We have all seen code with hundreds or thousands of lines and though, oh god, not this file again. This adds extra stress and cognitive load to changes. You are much better off splitting the files for a higher level resource type, possible autoscaling, cloudwatch and then add a locals specific to that set of resources into the file. Keeping the resources somewhat contained helps to facilitate change. This may sound contradictory to before in terms of logic ordering and it does depend on how many resources you are creating but anything more than 10 resources per file starts to ger unwieldy.
The use of locals makes it easier to reuse strings or data without having to hard code it in multiple places. Sometimes people make these variables as defaults which can be messy as it gives consumers the ability to change them. Utilise locals where possible to reduce duplication of magic strings, once, twice, three times extra into a local. Locals can also be used to remove the complexity of how a variable is computed into a separate file. Resource definitions can be large enough, let alone when you add in a join, compact, concat, split, tostring, try. Move this out, make it a local and reference it when needed.
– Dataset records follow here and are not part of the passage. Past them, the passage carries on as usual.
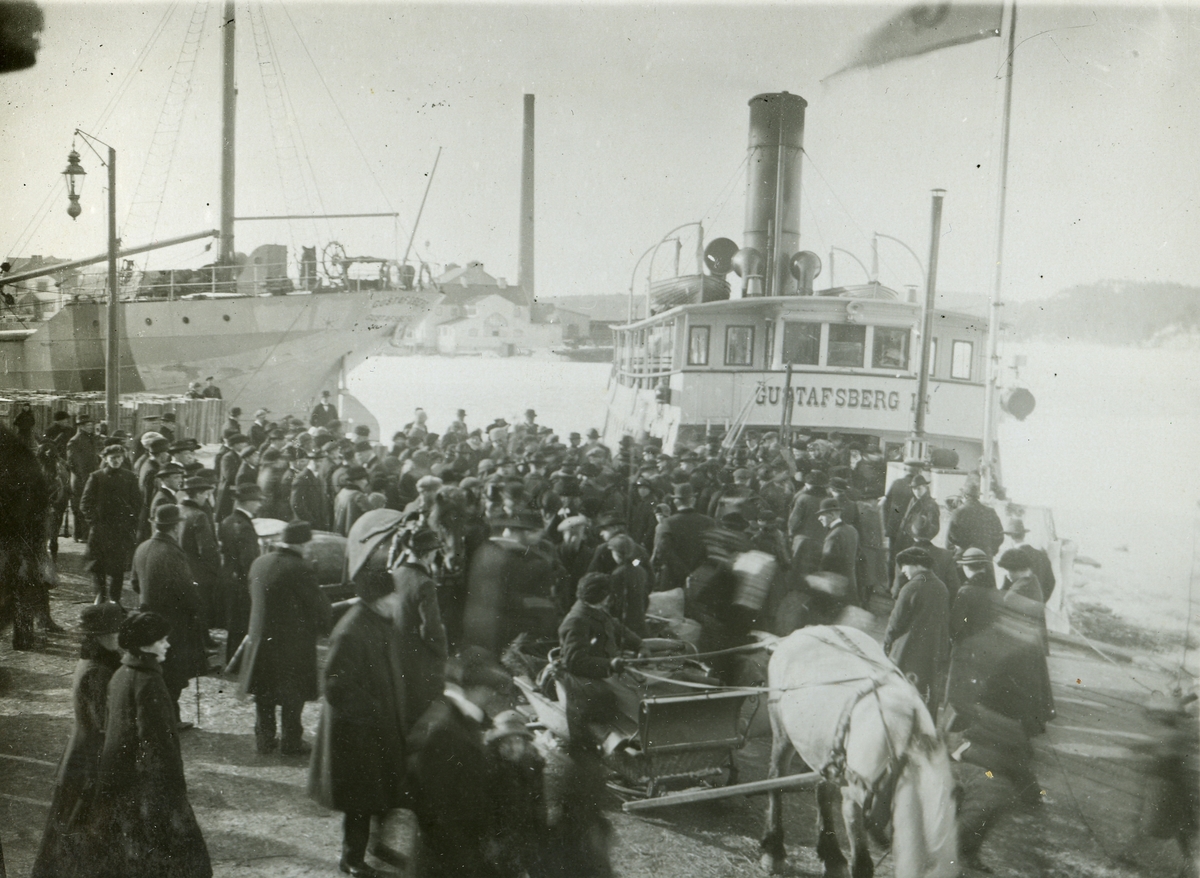 Folksamling på ångbåtskajen med Gustafsberg III i bakgrunden.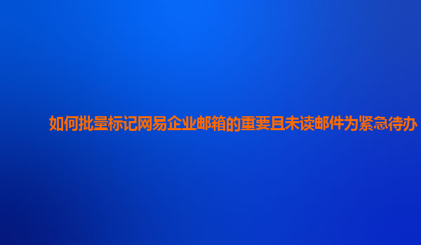 2024-11-07如何批量標(biāo)記網(wǎng)易企業(yè)郵箱的重要且未讀郵件為緊急待辦? 隨著企業(yè)日常業(yè)務(wù)的快速發(fā)展,員工在郵箱中接收的郵件數(shù)量逐漸增多,如何有效管理和處理郵件成為一個重要課題。在網(wǎng)易企業(yè)郵箱中,批量標(biāo)記重要且未讀郵件為...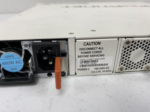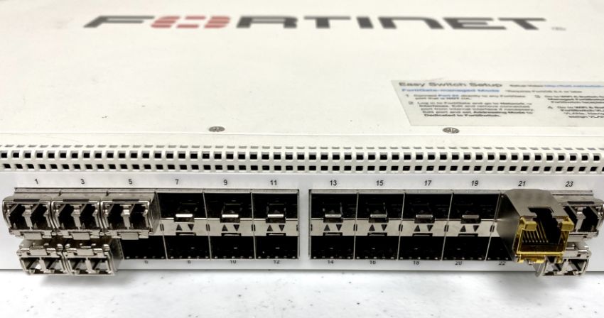 A pre-owned Fortinet FortiSwitch 1024D 1U Switch with eight transceivers (Tested, working) (No box or other items included).

Try and infer variables where possible rather than having the consumer pass them in. For example the caller account, no need to pass in an account id, we are deploying into this account, just grab the ID with a data source, same with region. This reduces the duplication of variables and the possibility where the consumer changes region and forgets to update the variable.
Thanks you for listening to my presentation and hope that you gain something useful for your Terraform and Infrastructure as Code journey.